Work required.
Word for word, transcribe the listing that follows, minus any pictures.
[Supplied data — start]
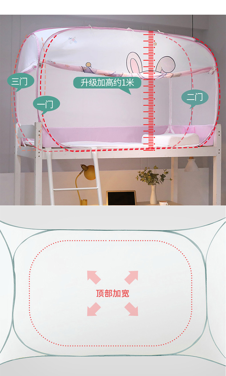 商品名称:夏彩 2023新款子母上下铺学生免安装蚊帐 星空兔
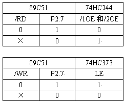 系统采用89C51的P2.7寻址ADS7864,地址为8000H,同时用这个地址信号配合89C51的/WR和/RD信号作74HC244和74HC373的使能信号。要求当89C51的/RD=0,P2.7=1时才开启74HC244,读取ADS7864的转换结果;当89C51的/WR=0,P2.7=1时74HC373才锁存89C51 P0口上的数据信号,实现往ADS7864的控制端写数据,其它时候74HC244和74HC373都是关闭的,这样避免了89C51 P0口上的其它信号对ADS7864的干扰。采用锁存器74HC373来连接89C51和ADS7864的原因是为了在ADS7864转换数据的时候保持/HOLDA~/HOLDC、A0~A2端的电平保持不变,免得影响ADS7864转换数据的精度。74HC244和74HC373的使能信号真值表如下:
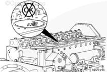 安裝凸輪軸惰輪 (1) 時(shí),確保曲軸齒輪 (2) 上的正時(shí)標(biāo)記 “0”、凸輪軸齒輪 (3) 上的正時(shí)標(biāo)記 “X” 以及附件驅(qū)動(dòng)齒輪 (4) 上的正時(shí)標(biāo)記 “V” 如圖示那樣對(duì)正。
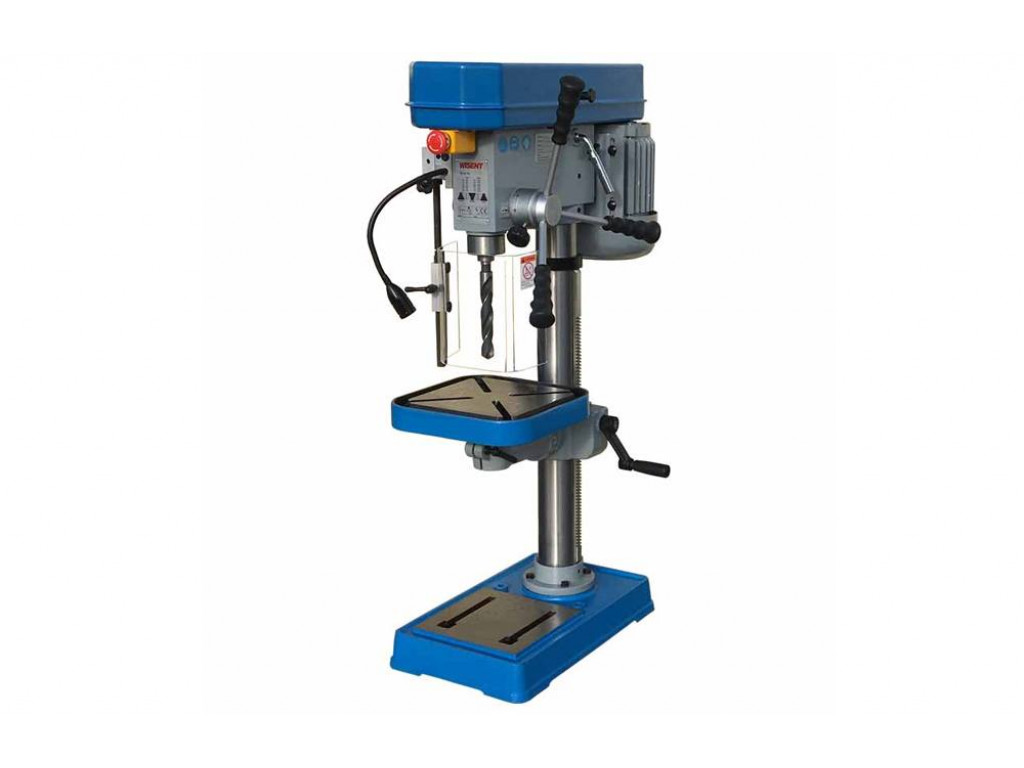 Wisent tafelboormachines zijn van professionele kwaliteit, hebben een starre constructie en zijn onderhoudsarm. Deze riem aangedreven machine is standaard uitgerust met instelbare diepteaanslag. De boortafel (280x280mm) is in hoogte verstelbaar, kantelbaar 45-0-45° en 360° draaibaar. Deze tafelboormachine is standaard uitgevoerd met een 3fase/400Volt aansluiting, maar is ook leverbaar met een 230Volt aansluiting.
[Supplied data — finish]
Answer box.
 商品名称:夏彩 2023新款子母上下铺学生免安装蚊帐 星空兔
 系统采用89C51的P2.7寻址ADS7864,地址为8000H,同时用这个地址信号配合89C51的/WR和/RD信号作74HC244和74HC373的使能信号。要求当89C51的/RD=0,P2.7=1时才开启74HC244,读取ADS7864的转换结果;当89C51的/WR=0,P2.7=1时74HC373才锁存89C51 P0口上的数据信号,实现往ADS7864的控制端写数据,其它时候74HC244和74HC373都是关闭的,这样避免了89C51 P0口上的其它信号对ADS7864的干扰。采用锁存器74HC373来连接89C51和ADS7864的原因是为了在ADS7864转换数据的时候保持/HOLDA~/HOLDC、A0~A2端的电平保持不变,免得影响ADS7864转换数据的精度。74HC244和74HC373的使能信号真值表如下:
 安裝凸輪軸惰輪 (1) 時(shí),確保曲軸齒輪 (2) 上的正時(shí)標(biāo)記 “0”、凸輪軸齒輪 (3) 上的正時(shí)標(biāo)記 “X” 以及附件驅(qū)動(dòng)齒輪 (4) 上的正時(shí)標(biāo)記 “V” 如圖示那樣對(duì)正。
 Wisent tafelboormachines zijn van professionele kwaliteit, hebben een starre constructie en zijn onderhoudsarm. Deze riem aangedreven machine is standaard uitgerust met instelbare diepteaanslag. De boortafel (280x280mm) is in hoogte verstelbaar, kantelbaar 45-0-45° en 360° draaibaar. Deze tafelboormachine is standaard uitgevoerd met een 3fase/400Volt aansluiting, maar is ook leverbaar met een 230Volt aansluiting.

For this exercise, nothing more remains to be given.